Really, although I was a little rusty on the mechanism. Please see below:

"On older hops the method (LCV) gives a higher value than the true value of alpha acids present, but a lower value than the sensory bitterness of hops would predict. This means that during storage of hops alpha acids decline but presumably new bitter compounds are formed, largely from beta acids. These replace the sensory bitterness lost with the alpha acids and, if the alpha acids to beta acid ratio is about unity as is commonly the case, sensory bitterness remains more or less constant with storage."

-Brewing 2nd Edition, Lewis and Young, pg. 261

This is the brewing textbook I used during my study of brewing science (I have a B.S. in Food Science with a focus on fermentation science). It is considered the authoritative text on brewing chemistry.

I always say keep an open mind, you may learn something new every day!
 
Really, although I was a little rusty on the mechanism. Please see below:

"On older hops the method (LCV) gives a higher value than the true value of alpha acids present, but a lower value than the sensory bitterness of hops would predict. This means that during storage of hops alpha acids decline but presumably new bitter compounds are formed, largely from beta acids. These replace the sensory bitterness lost with the alpha acids and, if the alpha acids to beta acid ratio is about unity as is commonly the case, sensory bitterness remains more or less constant with storage."

-Brewing 2nd Edition, Lewis and Young, pg. 261

This is the brewing textbook I used during my study of brewing science (I have a B.S. in Food Science with a focus on fermentation science). It is considered the authoritative text on brewing chemistry.

I always say keep an open mind, you may learn something new every day!

Honestly the book you've sited dates back to 2001, I am certain the BeerSmith article, and recent HSI related articles, contain more recently updated information.
 
Sounds like the 1980s Japanese work on non-isohumulone bittering, which seems to have rather overstated the bittering effect of the non-alpha compounds (see eg Wackerbauer & Balzer, Brauwelt (1992), 132(16/17), 734-7 ) - it's also a different, harsher kind of bittering.

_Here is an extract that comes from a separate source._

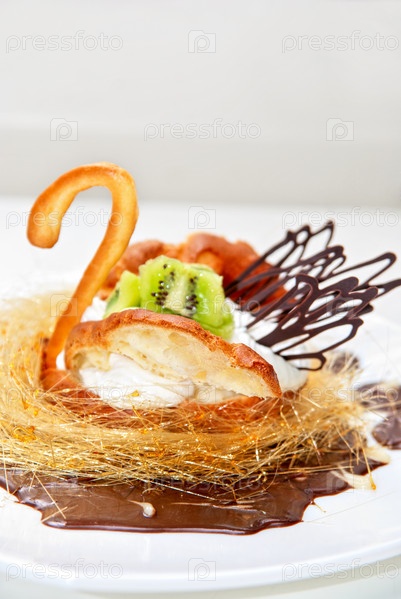 Сладкий пирог в форме лебедя крупным планом
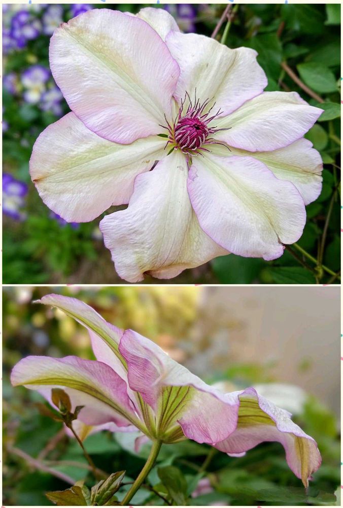 1️⃣クレマチス、6株、月宮殿に続き「フォンドメモリーズ)も前Picより伸び伸びと開花💮🤍💜

Then you also have to consider the effect on all the other flavour compounds in the hops.

http://onlinelibrary.wiley.com/doi/10.1002/jib.40/full is some good recent work on the subject.
 
Yes, I'm sure a blog entry is a more credible source than a brewing textbook written by the foremost experts on brewing chemistry in the world.

I never meant to suggest that. But a lot has changed, in regard to homebrewing, over the last 10-15 years. I'm not sure what you are disputing. Are you suggesting that frozen hops stored in oxygen free packaging, retain the same percentage of alpha acid as hops stored in an ordinary Ziploc bag at room temperature?